She moved to Milan at the age of 17, and then to Paris, in either 1931 or 1932. There, she became acquainted with Carlo Carrà and Giorgio de Chirico, who influenced much of her work. She also came to know Paul Éluard, Max Ernst, Georges Bataille, Henri Cartier-Bresson, Picasso, André Pieyre de Mandiargues, and Salvador Dalí. She traveled Europe by car with Mandiargues and Cartier-Bresson where Cartier-Bresson took a photograph, one of his best known, of her naked in a pool with her then partner, de Mandiargues. The photograph of Fini sold in 2007 for $305,000 - the highest price paid at auction for one of Cartier-Bresson's works to that date.

Career 
Fini had no formal artistic training, yet she was familiar with the traditional Renaissance and Mannerist styles encountered during her upbringing in Italy. When she was 17, she had a painting exhibited in a gallery in Trieste and received a commission to paint portraits from dignitaries in Milan, where she had her first one-woman show at the Galerie Barbaroux in 1929.

Her first major exhibition was in 1936 in New York at Julian Levy Gallery. Fini was part of a pre-war generation of Parisian artists, and very important in the Surrealist movement though she is often overlooked in favour of her male contemporaries.  Fini never officially joined the Surrealist movement though she did show her work alongside other Surrealist artists.  In 1943, Fini was included in Peggy Guggenheim's show Exhibition by 31 Women at the Art of This Century gallery in New York.

In 1949 Frederick Ashton choreographed a ballet conceptualized by Fini, Le Rêve de Leonor ("Leonor's Dream") with music by Benjamin Britten. In London, she exhibited at the Kaplan gallery in 1960 and at the Hanover Gallery in 1967.  In the summer of 1986 there was a retrospective at the Musée du Luxembourg in Paris that drew in more than 5,000 people a day. It featured over 260 works in a variety of media. A tribute to the many artistic and creative avenues that her career took throughout her lifetime, the exhibition included watercolours and drawings, theatre/costume designs, paintings and masks. Many of Fini's paintings featured women in positions of power or in very sexualised contexts. An example of this is the painting  La Bout du Monde where a female figure is submerged in water up to her breasts with human and animal skulls surrounding her. Madonna used the imagery in her video, "Bedtime Story" in 1994. In the spring of 1987, Fini had an exhibition at London's Editions Graphique's gallery.

Her work didn't always fit the typical popular conception of surrealism, sometimes exploring the 'femme fatale' without any particularly ambiguous or monstrous imagery. Nonetheless it often included symbols like sphinxes, werewolves, and witches. Most of the characters in her art were female or androgynous. "The terrifying female monster and the adoring girl-child are socially constructed stereotypes continued by the male surrealists. In order to promote the liberated, autonomous woman, Fini purposefully destabilized these stereotypes by combining each construct in a single figure, so that sphinxes can be protective and creative while girls can be sensual and aggressive." Fini was also featured in an exhibition entitled "Women, Surrealism, and Self-representation" at the San Francisco Modern Museum of Art in 1999.

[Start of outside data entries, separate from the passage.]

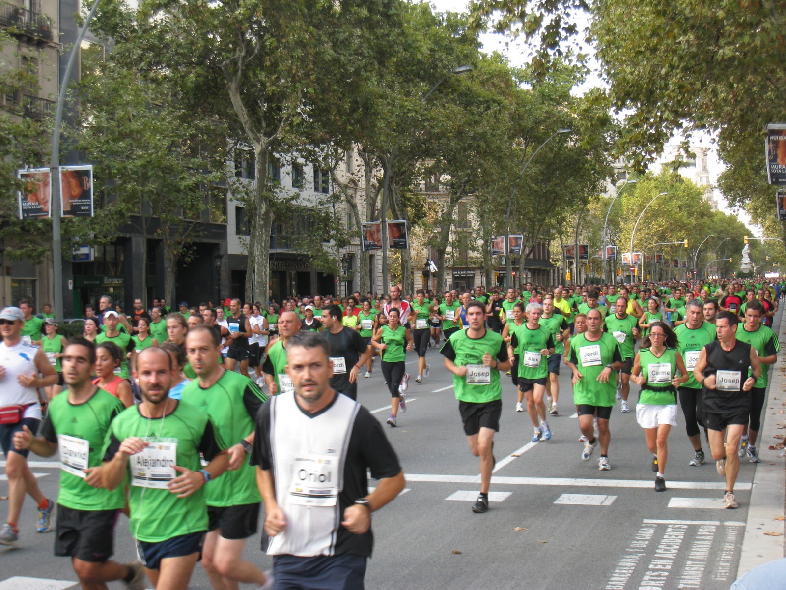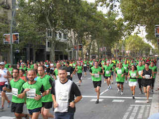 Què ha passat? Eren tots Sedentaris? Doncs resulta que l’organització ha agafat el color verd com l’escollit per fer les samarretes de la cursa. El resultat és que Barcelona s’ha omplert d’una marea verda.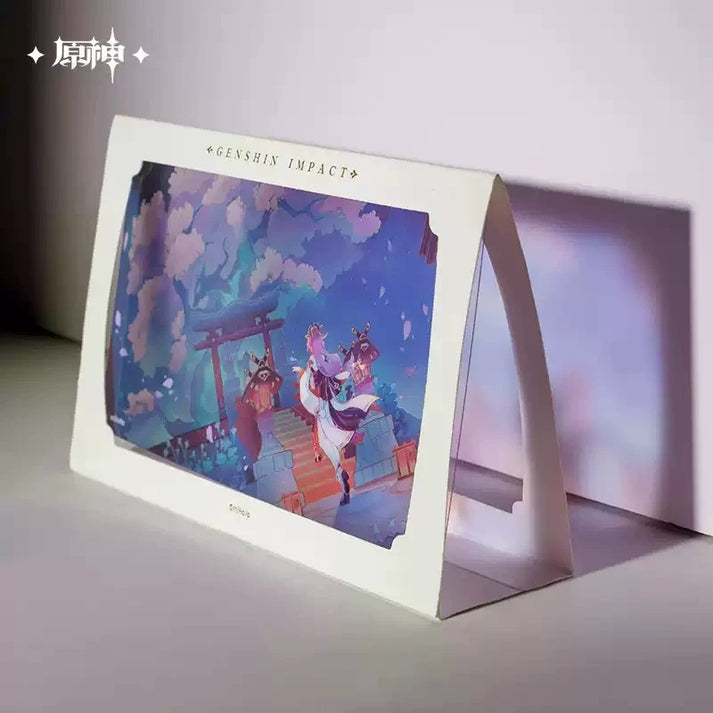 Semi-transparent display card af Yelan fra Genshin Impact, som kommer i en rammer indpakning, der give en flot effekt når den udstilles i solen.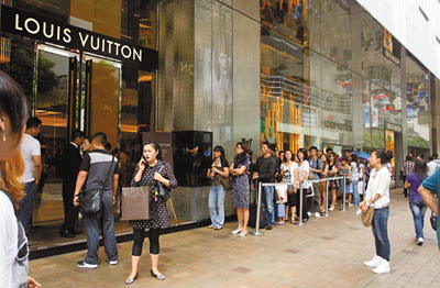 大陆豪客香港狂买奢侈品 LV店外排长队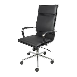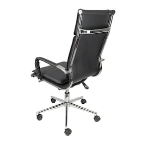 Cadeira Office Soft Alta Preto- com encosto acolchoado para um melhor conforto, estrutura em aço cromado e revestida em PU, possui regulagem de altura do assento com pistão á gás e sistema relax, possui base giratória em aço cromado com rodízios.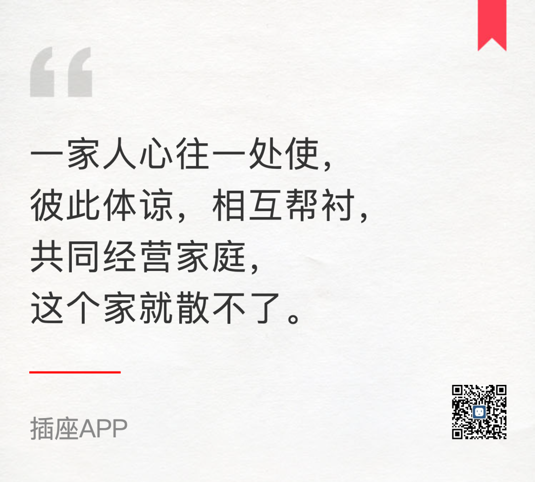 一家人心往一处使,彼此体谅,相互帮衬,共同经营家庭,这个家就散不了。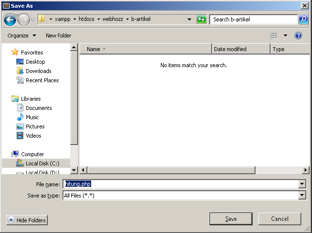 Yang pertama, kita buat file baru. Disini saya membuatnya dengan nama hitung.php.
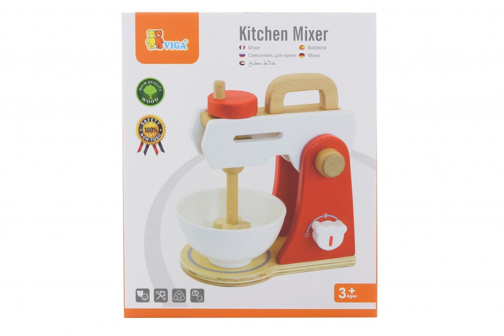 Dřevěný mixér o velikosti cca 21 × 21 × 11 cm.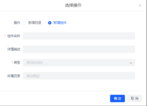 1. 點擊新增創(chuàng)建組件目錄; 2. 點擊組件目錄新增創(chuàng)建組件; |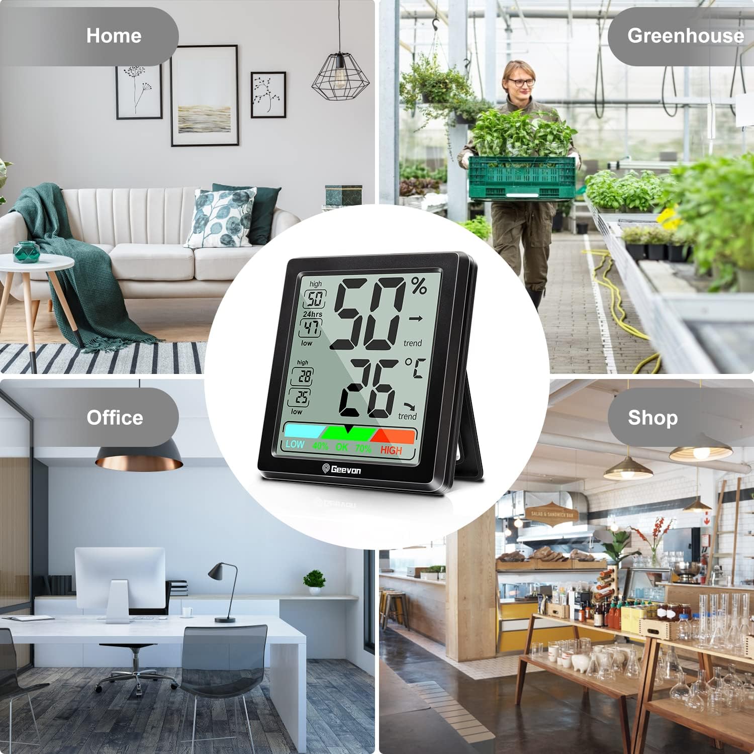 Du willst immer ein perfektes Raumklima haben? Mit dem Geevon Digitalen Hygrometer und Thermometer behältst du Temperatur und Luftfeuchtigkeit immer im Blick! Das Gerät misst die Temperatur von -40°C bis 70°C und die Luftfeuchtigkeit von 10% bis 99%. Alle 10 Sekunden werden die Werte aktualisiert, sodass du immer die aktuellsten Daten hast. Das große 2,5-Zoll-LCD-Display ist super easy abzulesen – auch aus der Entfernung. Besonders praktisch: Die Komfort-Anzeige signalisiert dir, ob die Bedingungen ideal sind. So kannst du rechtzeitig gegensteuern, um z.B. Schimmelbildung, trockener Haut oder Allergien vorzubeugen. Das Hygrometer wird mit zwei 3A-Batterien betrieben, die bis zu 24 Monate halten. Du kannst es auf drei Arten platzieren: als Tischständer, an der Wand (mit Aufhängebohrung) oder magnetisch am Kühlschrank. Achte darauf, es nicht in direkter Sonne oder near Heizungen zu platzieren, um genaue Messwerte zu garantieren. Perfekt für Zuhause, Büro, Gewächshaus oder Keller – für ein gesünderes und angenehmeres Raumklima!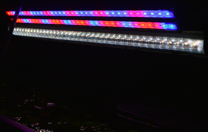 Teď trochu povídání o samotné funkci mého zařízení. Ze třech možných programovatelných LED výstupů zatím používám všechny a to pro hlavní osvětlení, další dva kanály pro světla jsem použil pro simulaci úsvitu a soumraku, jedná se o 16W světla, které mají specifickou vlnovou délku pro růst rostlin, pro úsvit používám světlo s více červenými led( 2Blue/4Red ) a pro soumrak zase s více modrými led ( 4Blue/2Red ).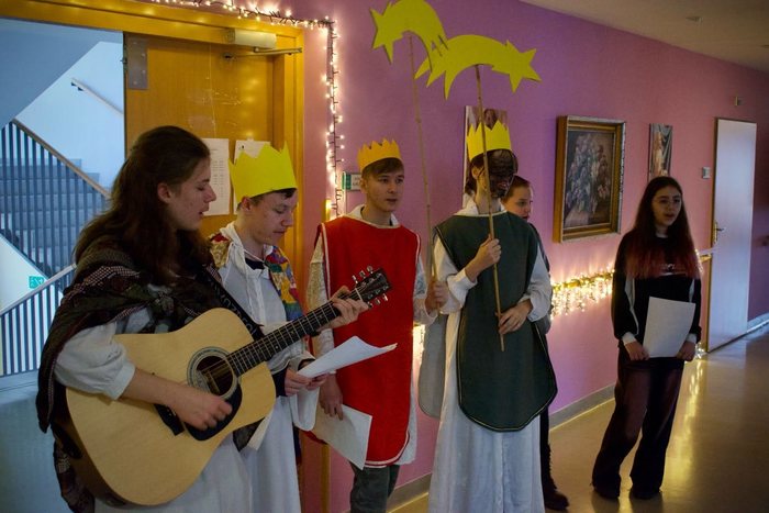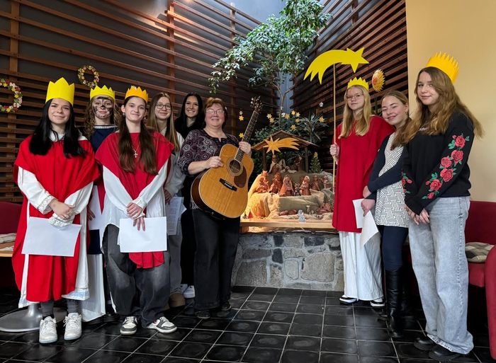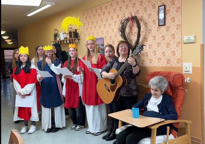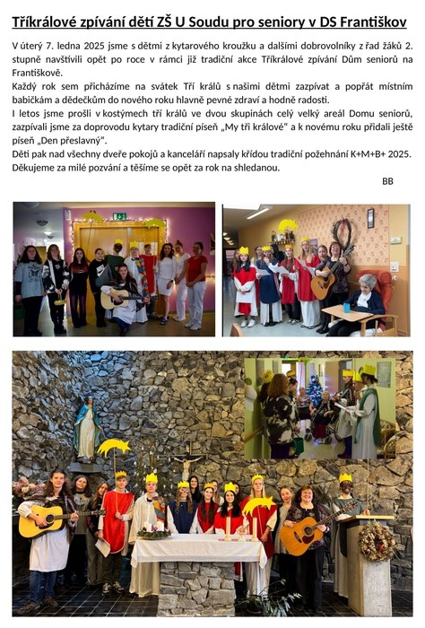 V úterý 7. ledna 2025 jsme s dětmi z kytarového kroužku a dalšími dobrovolníky z řad žáků 2. stupně navštívili opět po roce v rámci již tradiční akce Tříkrálové zpívání Dům seniorů na Františkově.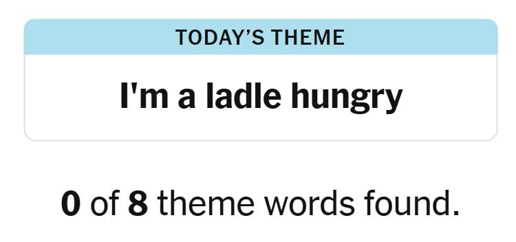 Today’s theme or hint for the puzzle is, “I’M A LADLE HUNGRY” and there are eight theme words to be found.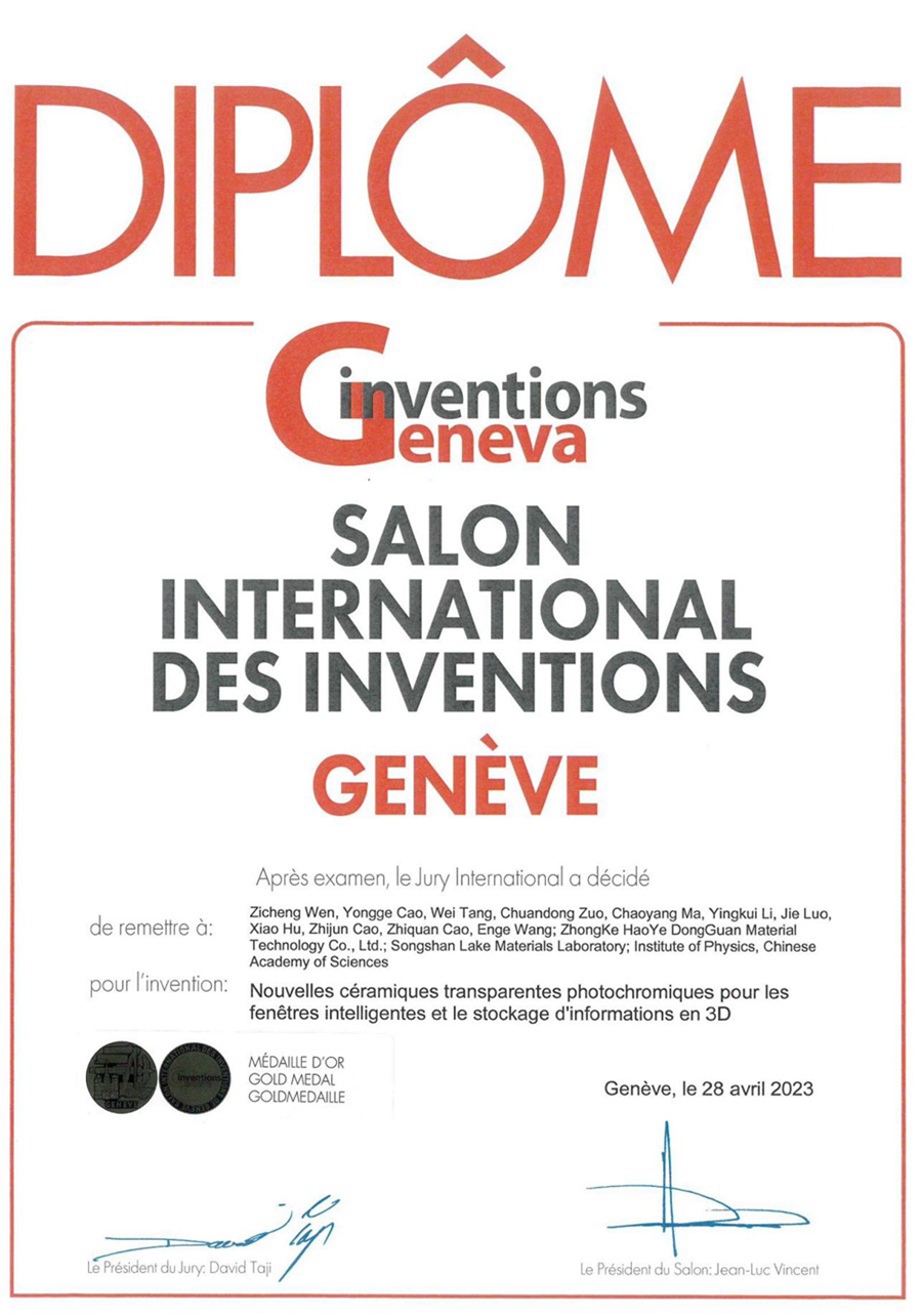 本届展会上,来自近40个国家和地区的800多个参展单位共展出约1000个发明项目。其中,松山湖材料实验室及其产业化公司中科皓烨(东莞)材料科技有限责任公司发明的“一种用于智能窗户和三维信息存储的新型光致变色透明陶瓷技术”从众多发明中脱颖而出,获评金奖。

In an attempt to subvert the roles imposed by society, she abandoned representations of fragile, innocent or fatal women in favor of goddesses inspired by Greek mythology. She applied herself to painting female figures who could not be categorized, judged or morally or sexually defined. Her painting has been described both as a challenge to Breton's ideals and an echo of her obligation to disguise herself during her childhood.

She painted portraits of Jean Genet, Anna Magnani, Jacques Audiberti, Alida Valli, Jean Schlumberger (jewelry designer) and Suzanne Flon as well as many other celebrities and wealthy visitors to Paris. While working for Elsa Schiaparelli she designed the bottle for the perfume "Shocking", which became the top selling perfume for the House of Schiaparelli and was the acknowledged inspiration for Jean-Paul Gaultier's later torso-shaped bottles. In 1959, Fini made a fairy tale-inspired painting called Les Sorcières for the Mexican actress, María Félix. Fini started taking on design projects in the 1930s as a source of extra income. 
Between 1944 and 1972, Fini’s main work was involved in costume designs for films and stage productions, and soon became very well known for her fashion sense appearing in magazine gossip columns.  Fini grew an interest in creating hybrid human-animal costumes which she designed for her 1949 ballet Leonors Dream.  She designed costumes and decorations for theatre, ballet and opera, including famously the first ballet performed by Roland Petit's Ballet de Paris, Les Demoiselles de la nuit, featuring a young Margot Fonteyn. She also designed the costumes for two films, Renato Castellani's Romeo and Juliet (1954) and John Huston's A Walk with Love and Death (1968).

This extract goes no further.